- Exercise directions
Transcribe the listing verbatim, please, with images dropped.

- Data

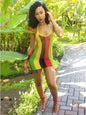 Halter Neck Straps Rainbow Hollow Out Fishnet Mini Dress
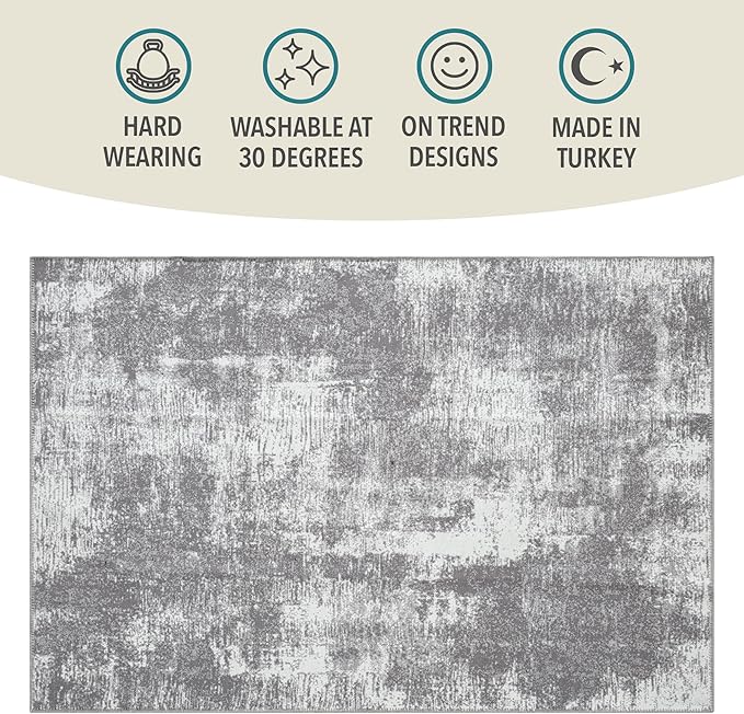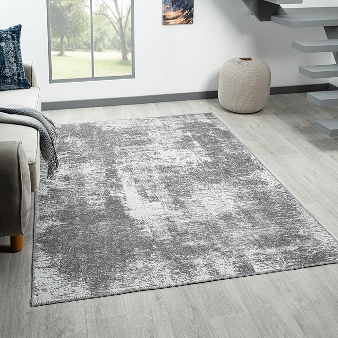 Rugs and More, Abstract Washable Grey Area Rug - Short Pile Rugs, Easy to Clean, Child & Pet Friendly - Modern Carpet for Living Room, Bedroom, Kitchen
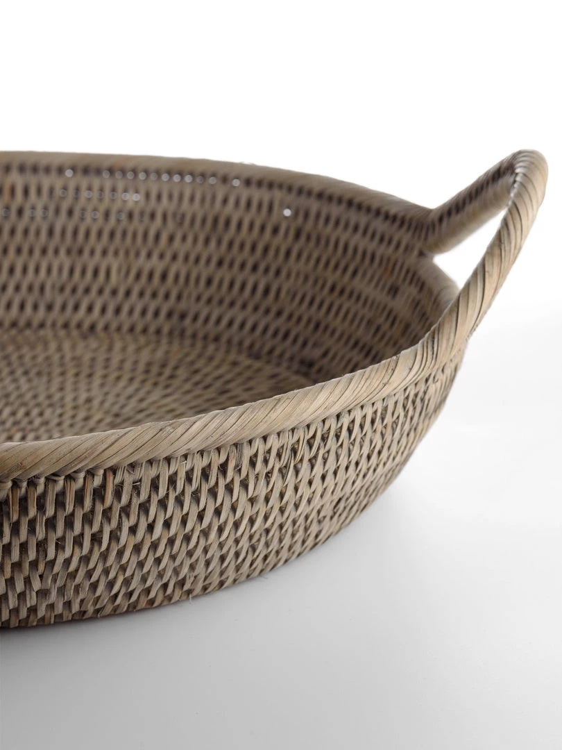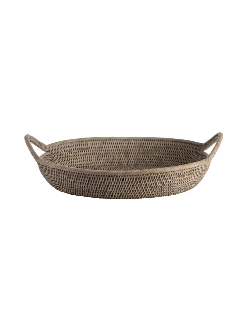 Hand made rattan large oval tray, made from natural rattan with a subtle grey finish.
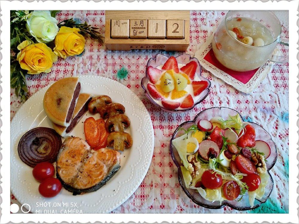红豆饼,煎三文鱼,鹌鹑蛋蔬菜沙拉,水果酸奶,银耳莲子雪梨汤

- Solution to this exercise
 Halter Neck Straps Rainbow Hollow Out Fishnet Mini Dress
 Rugs and More, Abstract Washable Grey Area Rug - Short Pile Rugs, Easy to Clean, Child & Pet Friendly - Modern Carpet for Living Room, Bedroom, Kitchen
 Hand made rattan large oval tray, made from natural rattan with a subtle grey finish.
红豆饼,煎三文鱼,鹌鹑蛋蔬菜沙拉,水果酸奶,银耳莲子雪梨汤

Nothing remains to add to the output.